Question: Is this log format the one compatible with Windows? (which is also described in https://web.archive.org/web/20201109000715/http://amnesia.gtisc.gatech.edu/~moyix/suzibandit.ltd.uk/MSc/ )

mrmks04 · 2021-08-28T22:21:19Z

Question: Is this log format the one compatible with Windows? (which is also described in https://web.archive.org/web/20201109000715/http://amnesia.gtisc.gatech.edu/~moyix/suzibandit.ltd.uk/MSc/ )

I used this information about log files https://github.com/msuhanov/regf/blob/master/Windows%20registry%20file%20format%20specification.md#format-of-transaction-log-files
And several log dumps from Windows server 2003 analyzed

HBelusca · 2021-08-28T22:29:29Z

Question: Is this log format the one compatible with Windows? (which is also described in https://web.archive.org/web/20201109000715/http://amnesia.gtisc.gatech.edu/~moyix/suzibandit.ltd.uk/MSc/ )

I used this information about log files https://github.com/msuhanov/regf/blob/master/Windows%20registry%20file%20format%20specification.md#format-of-transaction-log-files
And several log dumps from Windows server 2003 analyzed

OK; it would be nice to know whether all of this also confirms what has been found independently in this master thesis I linked above, in order to be sure we have a good understanding on what's going on.

sdk/lib/cmlib/hiveinit.c

HBelusca · 2021-08-29T00:34:46Z

sdk/lib/cmlib/hiveinit.c

+    // Validate log header
+    if (!HvpVerifyHiveHeader(&logBaseBlock, HFILE_TYPE_LOG))
+    {
+        DPRINT1("LOG header corrupted\n");


TODO: Log can self-heal (depending on the value of the CmpSelfHeal variable, and on some flags set in the CmpBootType variable).

HBelusca · 2021-08-29T00:35:08Z

sdk/lib/cmlib/hiveinit.c

+
+    if (!isSuccess)
+    {
+        DPRINT1("Read LOG file failed\n");


Self-healing possible? (see below)

HBelusca · 2021-08-29T00:40:17Z

sdk/lib/cmlib/hiveinit.c

+    {
+        DPRINT1("LOG header corrupted\n");
+        return FALSE;
+    }


What has been done until now, is for restoring the header when handling the RecoverHeader error case during loading.
What is following next below, is for handling the RecoverData error case during loading.
It would be nice to have these in two separate recovery functions.

HBelusca · 2021-08-29T20:43:10Z

ntoskrnl/config/cminit.c

@@ -545,14 +545,14 @@ CmpOpenHiveFiles(IN PCUNICODE_STRING BaseName,

    /* Now create the file */
    Status = ZwCreateFile(Log,
-                          DesiredAccess,
+                          DesiredAccess | SYNCHRONIZE,


Why is this needed? (same question for the IoFlags too)

Without this flag, it have stack corrupt.
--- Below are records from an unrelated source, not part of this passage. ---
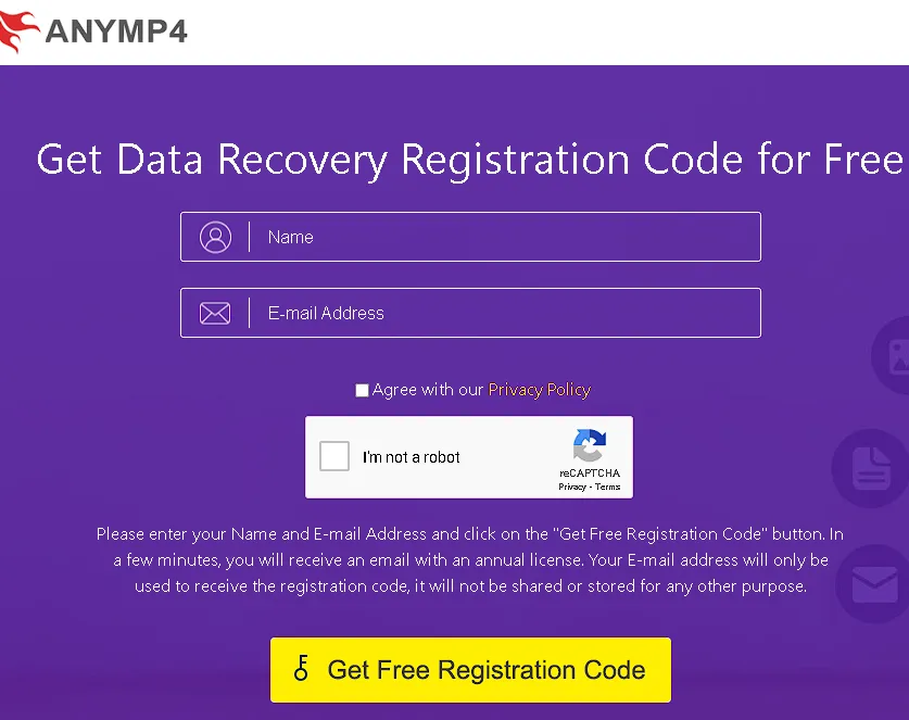 To claim your free registration code, provide your name and email address, accept the conditions of their privacy policy, and solve the reCAPTCHA.
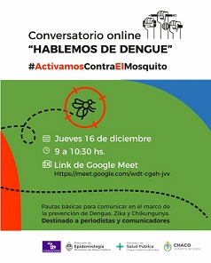 Locales | Este jueves de 9 a 10.30 a través de la plataforma Google Meet. Disertarán profesionales de la salud encabezados por la directora de Epidemiología María Elisa Flores. El objetivo es socializar las buenas prácticas en la difusión de la información referida a las enfermedades de transmisión vectorial.
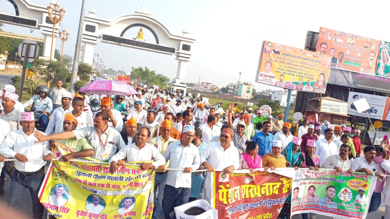 प्रदेश महामंत्री, यू.पी.सिंह उत्तर प्रदेश फेडरेशन आफ सर्विस मिनिस्ट्रीएल सर्विसेज,नंदलाल यादव क्षेत्रीय मिनिस्ट्रीएल एशोसिएशन लोक निर्माण विभाग, आर. के.पाठक क्षेत्रीय अध्यक्ष शिक्षा विभाग,एवं संगठन के कर्मचारियों का विशाल जनमानस पेंशन शंखनाद महा रैली शहर के विभिन्न चौराहों से होते हुए जिला अधिकारी कार्यालय पर जिला अध्यक्ष के द्वारा ज्ञापन दिया गया।और तरह-तरह के बैनर, झंडे, तख्ती, इस्तेहारों एवं नारों के माध्यम से हजारों कर्मचारी राज्य सरकार एवं केन्द्र सरकार से पुरानी पेंशन बहाली के लिए पुरजोर तरीक़े से अपनी माँग की। जिला अध्यक्ष रमेश भारती ने कहा की अगर हमारी पुरानी पेंशन बहाल सरकार नही करती हैं तो हम शिक्षक कर्मचारी 2024 में सरकार उखाड फेकने का कार्य करेंगे
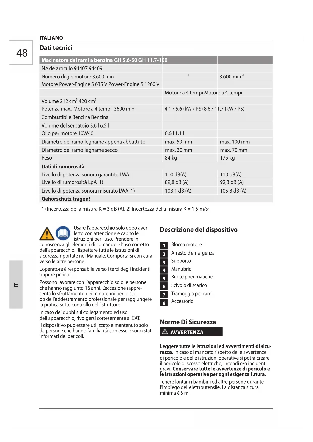 Usare l‘apparecchio solo dopo aver letto con attenzione e capito le istruzioni per l‘uso. Prendere in conoscenza gli elementi di comando e l’uso corretto dell’apparecchio. Rispettare tutte le istruzioni di sicurezza riportate nel Manuale. Comportarsi con cura verso le altre persone. L‘operatore è responsabile verso i terzi degli incidenti oppure pericoli. Possono lavorare con l‘apparecchiosolo le persone che hannoraggiunto 16 anni. L’eccezionerappre- senta lo sfruttamento deiminorenni per lo sco- podell’addestramento professionaleper raggiungere la pratica sottocontrollo dell‘istruttore. In caso dei dubbi sul collegamento ed uso dell‘apparecchio, rivolgersi cortesemente al CAT. Il dispositivo può essere utilizzato e mantenuto solo da persone che hanno familiarità con esso e sono stati informati dei pericoli. Descrizione del dispositivo
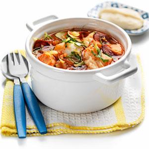Kryddig fiskgryta med korv
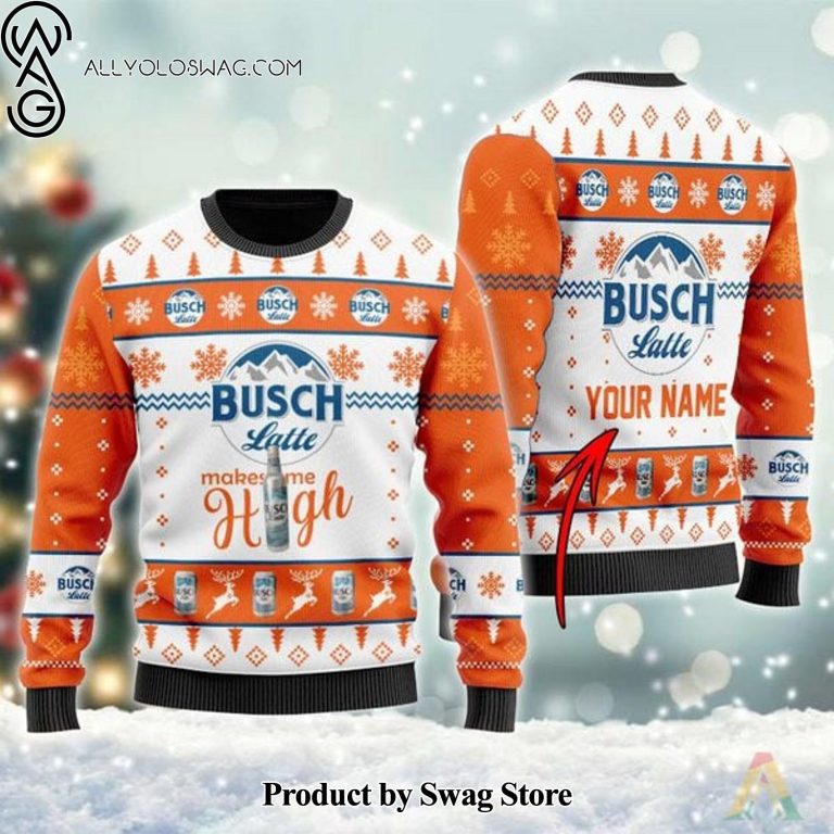 NOTE: [Top-selling] Personalized Busch Latte Makes Me High Christmas Ugly Christmas Sweater
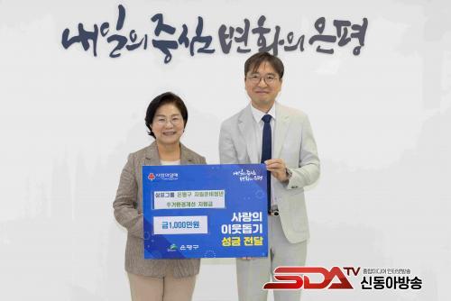 »ïÇ¥±×·ì¿¡¼ 1õ¸¸ ¿øÀ» »çȸº¹Áö°øµ¿¸ð±Ýȸ¿¡ ÁöÁ¤ ±âÅ¹ÇØ Àü´ÞÇß´Ù. Àü´Þ¹ÞÀº ÈÄ¿ø±ÝÀº ÀºÆò±¸ ÀÚ¸³Áغñû³â ÁÖ°Åȯ°æ°³¼±À» ÅëÇØ Åð¼Ò ÀÌÈÄ ¿¾ÇÇÑ ÁÖ°Åȯ°æ¿¡ ³õÀÎ ÀÚ¸³Áغñû³âÀÇ »îÀÇ ÁúÀ» °³¼±ÇÏ°í ¾ÈÁ¤ÀûÀÎ ÀÚ¸³À» µ½±â À§ÇØ »ç¿ëµÉ ¿¹Á¤ÀÌ´Ù.

It happen if inside RegistryHive->FileWrite function ZwWriteFile return STATUS_PENDING. Or in RegistryHive->FileFlush function ZwFlushBuffersFile return STATUS_PENDING.
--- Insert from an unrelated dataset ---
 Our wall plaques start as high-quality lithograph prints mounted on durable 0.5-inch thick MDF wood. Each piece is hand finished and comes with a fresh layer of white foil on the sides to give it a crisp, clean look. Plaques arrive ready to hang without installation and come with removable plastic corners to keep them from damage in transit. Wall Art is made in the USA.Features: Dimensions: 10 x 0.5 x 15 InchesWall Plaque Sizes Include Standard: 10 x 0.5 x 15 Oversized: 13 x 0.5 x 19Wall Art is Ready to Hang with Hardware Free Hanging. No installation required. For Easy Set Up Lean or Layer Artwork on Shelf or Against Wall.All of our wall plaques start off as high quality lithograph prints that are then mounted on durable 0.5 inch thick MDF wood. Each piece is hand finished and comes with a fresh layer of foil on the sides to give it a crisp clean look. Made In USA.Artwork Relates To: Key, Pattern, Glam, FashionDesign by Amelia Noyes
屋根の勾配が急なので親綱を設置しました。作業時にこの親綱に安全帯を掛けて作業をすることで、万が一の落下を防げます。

Does that claim still stand @mrmks04 with todays master head?

With latest code from master problem gone.

drivers/filesystems/fastfat_new/create.c

sdk/lib/cmlib/hivewrt.c

sdk/lib/cmlib/hiveinit.c

HBelusca · 2022-02-08T00:29:08Z

PR is in review.

drivers/filesystems/fastfat_new/create.c

HBelusca · 2022-02-08T20:34:06Z

ntoskrnl/config/cminit.c

                          &ObjectAttributes,
                          &IoStatusBlock,
                          NULL,
                          AttributeFlags,
                          ShareMode,
                          CreateDisposition,
-                          IoFlags,
+                          IoFlags | FILE_SYNCHRONOUS_IO_NONALERT,


Note: Primary is also opened with this flag + the sync attributes set too. Do we want this? What does windows do?

Windows server 2003 open file with flags 0x40008, for "ntuser.dat.log".
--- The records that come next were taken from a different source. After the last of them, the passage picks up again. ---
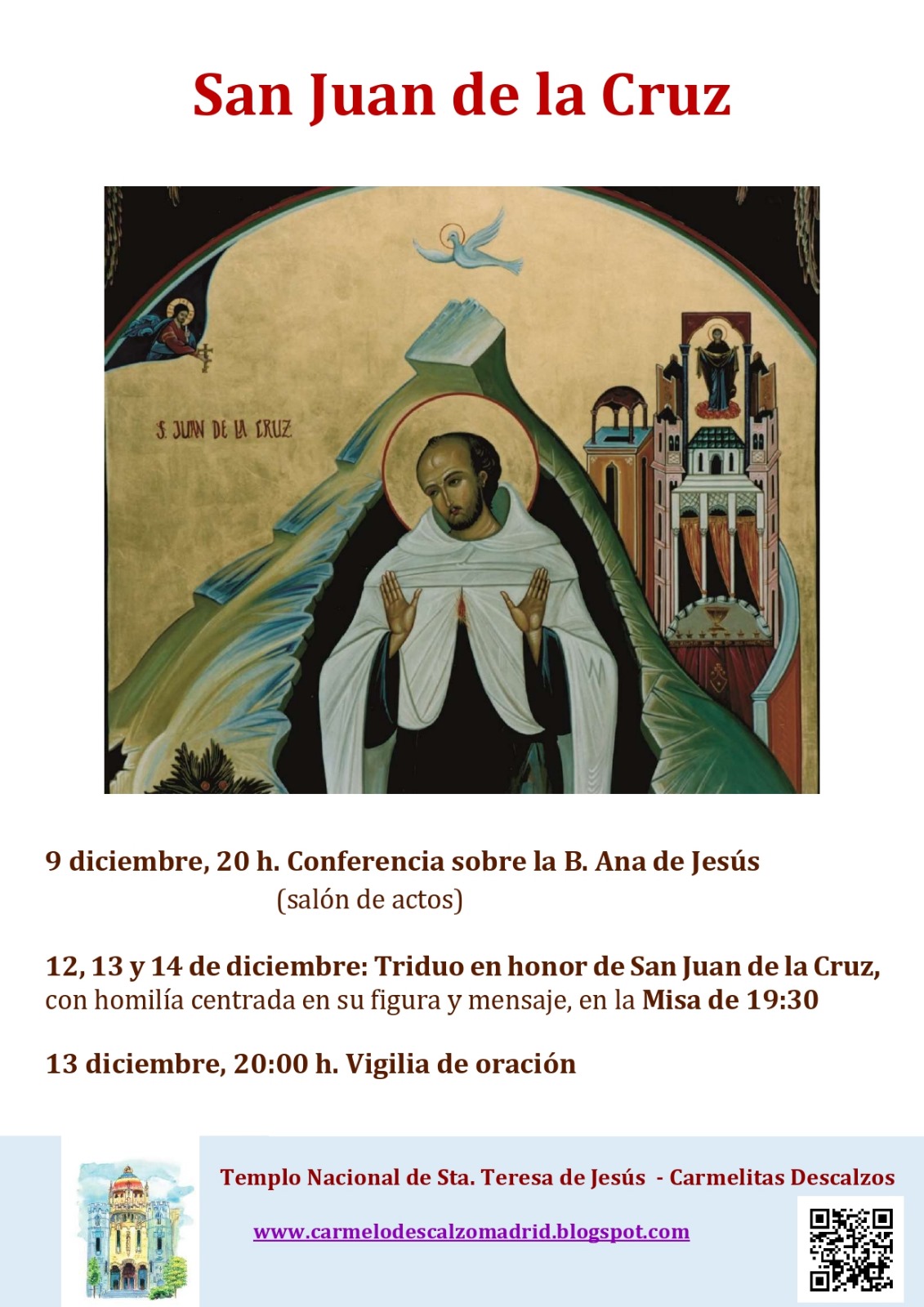 D’altra banda, els dies 12, 13 i 14 de desembre es farà un tridu en honor del sant. L’homilia estarà centrada en la seva figura i missatge. Les eucaristies seran a les 19:30 hores en el Temple Nacional de Santa Teresa de Jesús.
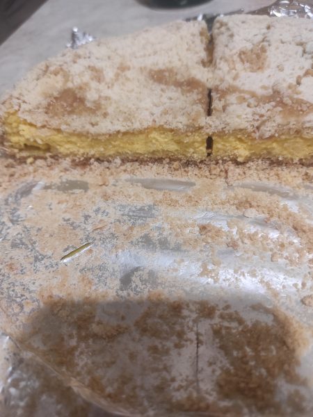 Получается вкусно, но пирог хрупкий, тесто слишком рыхлое и осыпается. Чего-то нужно добавлять!
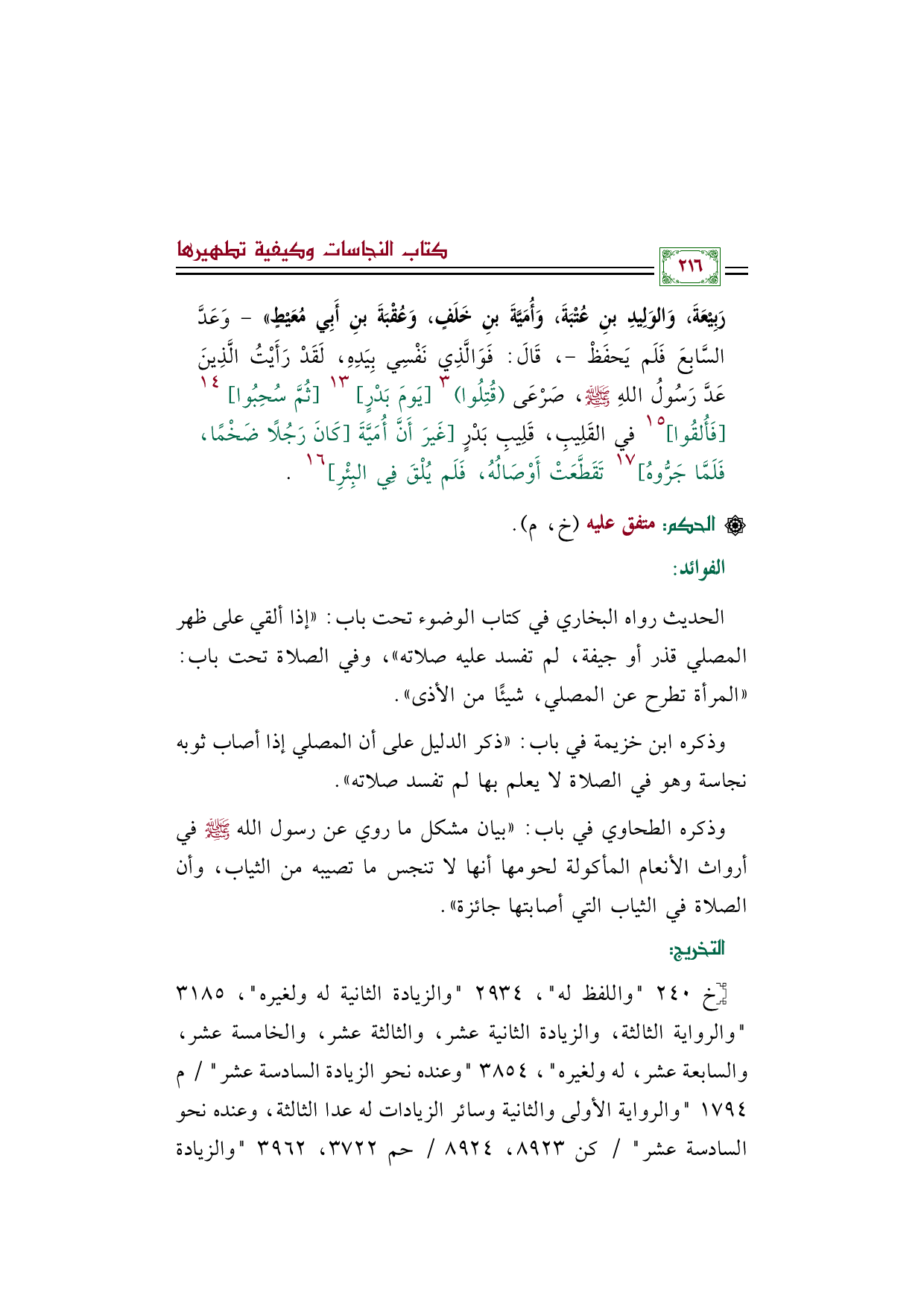 [خ ٢٤٠ واللفظ له، ٢٩٣٤ والزيادة الثانية له ولغيره، ٣١٨٥ والرواية الثالثة، والزيادة الثانية عشر، والثالثة عشر، والخامسة عشر، والسابعة عشر، له ولغيره، ٣٨٥٤ وعنده نحو الزيادة السادسة عشر/ م ١٧٩٤ والرواية الأولى والثانية وسائر الزيادات له عدا الثالثة، وعنده نحو السادسة عشر/ كن ٨٩٢٣، ٨٩٢٤/ حم ٣٧٢٢، ٣٩٦٢ والزيادة

Then this extra flag is not set by Win2k3.

sdk/lib/cmlib/hivedata.h

sdk/lib/cmlib/hivewrt.c

HBelusca · 2022-02-08T23:15:06Z

sdk/lib/cmlib/hiveinit.c

+
+    *BaseBlock = LogBaseBlock;
+
+    return TRUE;


Here HiveSuccess.

HBelusca · 2022-02-08T23:15:55Z

sdk/lib/cmlib/hiveinit.c

+    if (!IsSuccess)
+    {
+        DPRINT1("Read LOG file failed\n");
+        return FALSE;


Here and below, all the failures would be Fail.

HBelusca · 2022-02-08T23:17:11Z

sdk/lib/cmlib/hiveinit.c

+ *
+ * Function to recover hive data from log.
+ */
+BOOLEAN CMAPI


Same suggestion here as for the previous Recover function.

Not realy. "recover hive data" and "recover hive header".:smiley:

HBelusca · 2022-02-08T23:30:36Z

sdk/lib/cmlib/hiveinit.c

 {
    if (BaseBlock->Signature != HV_HBLOCK_SIGNATURE ||
        BaseBlock->Major != HSYS_MAJOR ||
        BaseBlock->Minor < HSYS_MINOR ||
-        BaseBlock->Type != HFILE_TYPE_PRIMARY ||
+        BaseBlock->Type != HfileType ||


Since you generalized this function to be also usable for HFILE_TYPE_LOG types 👍 :
have you checked whether Windows registry LOG files' base block have all the Major and Minor fields set?

Base block in log file is copy of original registry base block.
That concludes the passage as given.